Requirement: Go through the listing below and write out exactly the lines from the one that mentions "1990 Ron Roy" through the one that mentions "With LED’s surrounding", minus the pictures.

Dataset entries:
● ● ● ●

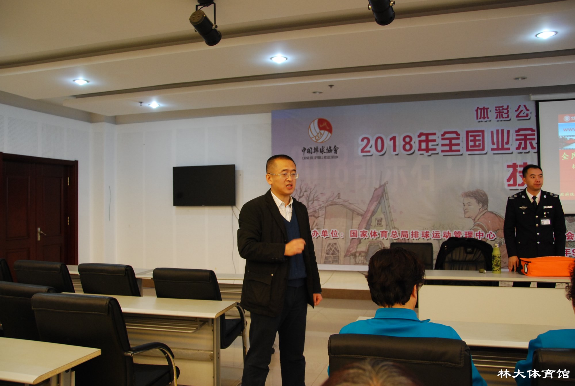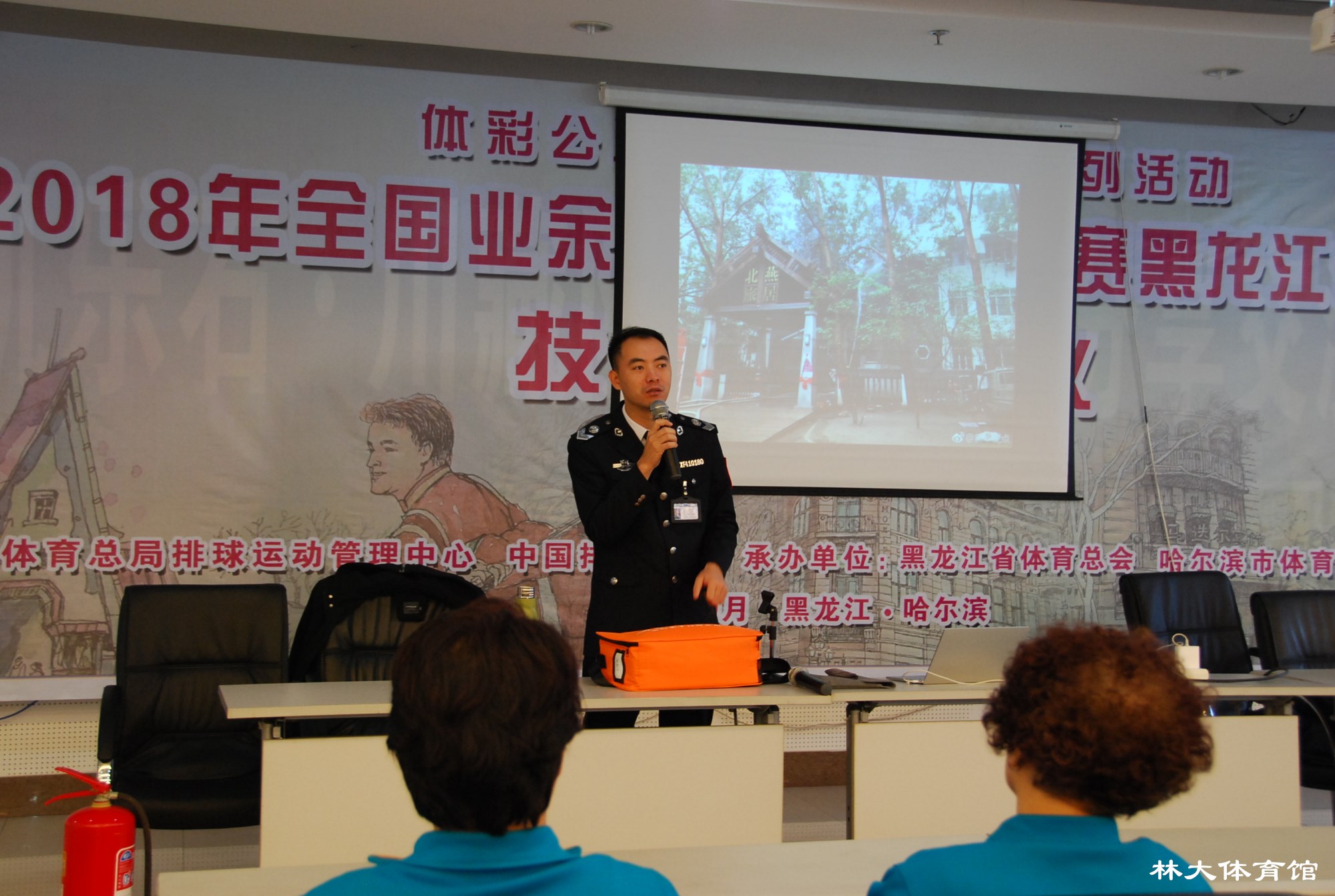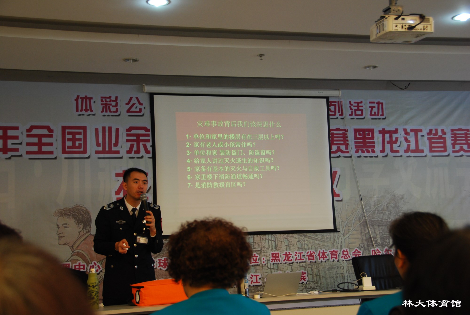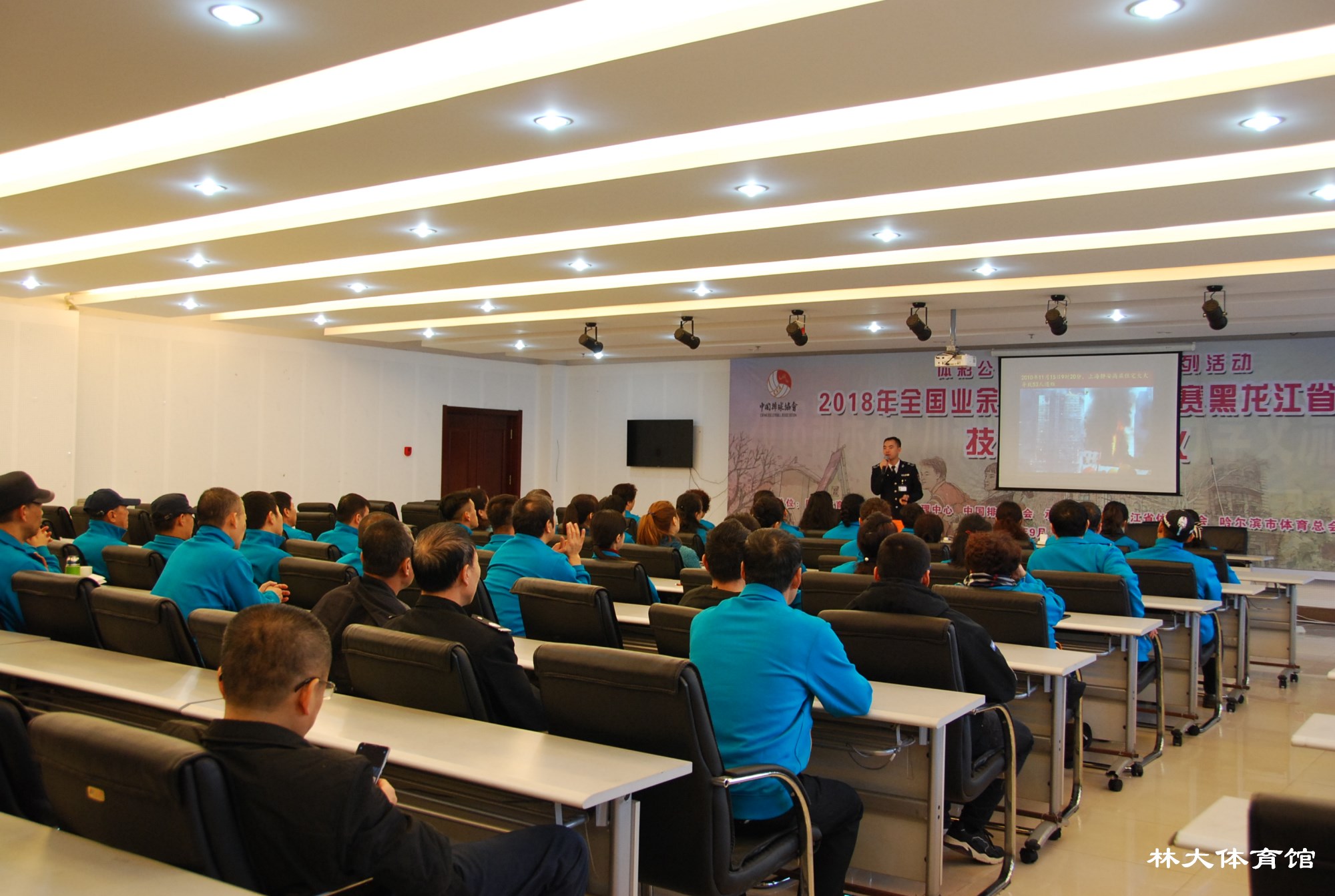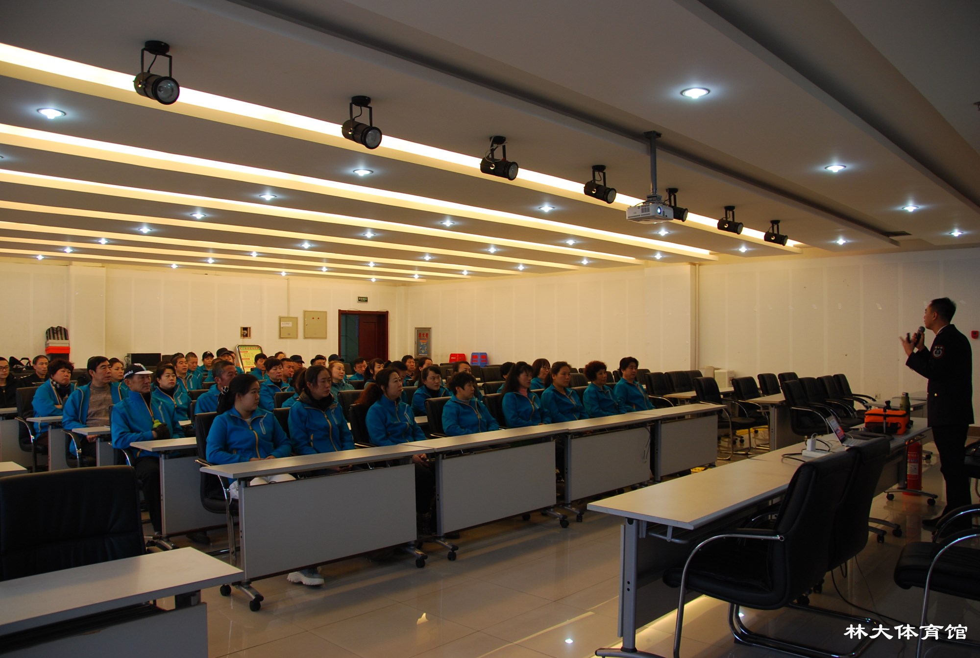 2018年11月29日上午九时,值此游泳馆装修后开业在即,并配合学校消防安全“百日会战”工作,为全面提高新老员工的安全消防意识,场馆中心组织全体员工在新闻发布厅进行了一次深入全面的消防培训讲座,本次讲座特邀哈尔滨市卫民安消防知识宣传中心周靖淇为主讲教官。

● ● ● ●

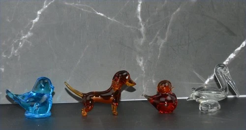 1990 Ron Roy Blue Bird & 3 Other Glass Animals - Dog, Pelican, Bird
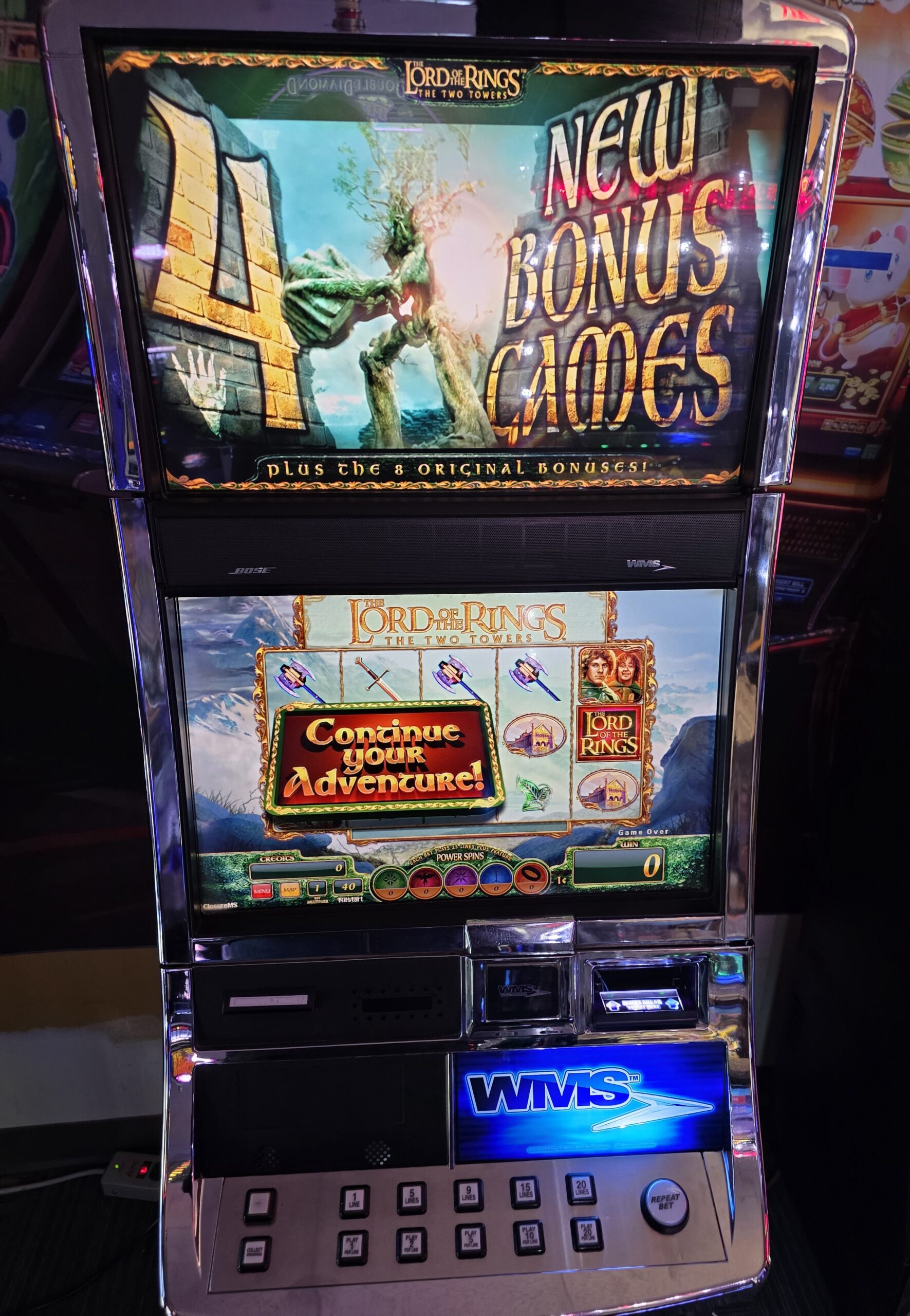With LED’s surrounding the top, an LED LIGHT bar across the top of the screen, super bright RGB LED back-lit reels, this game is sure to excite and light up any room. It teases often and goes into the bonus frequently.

● ● ● ●

Result of the exercise:
 1990 Ron Roy Blue Bird & 3 Other Glass Animals - Dog, Pelican, Bird
With LED’s surrounding the top, an LED LIGHT bar across the top of the screen, super bright RGB LED back-lit reels, this game is sure to excite and light up any room. It teases often and goes into the bonus frequently.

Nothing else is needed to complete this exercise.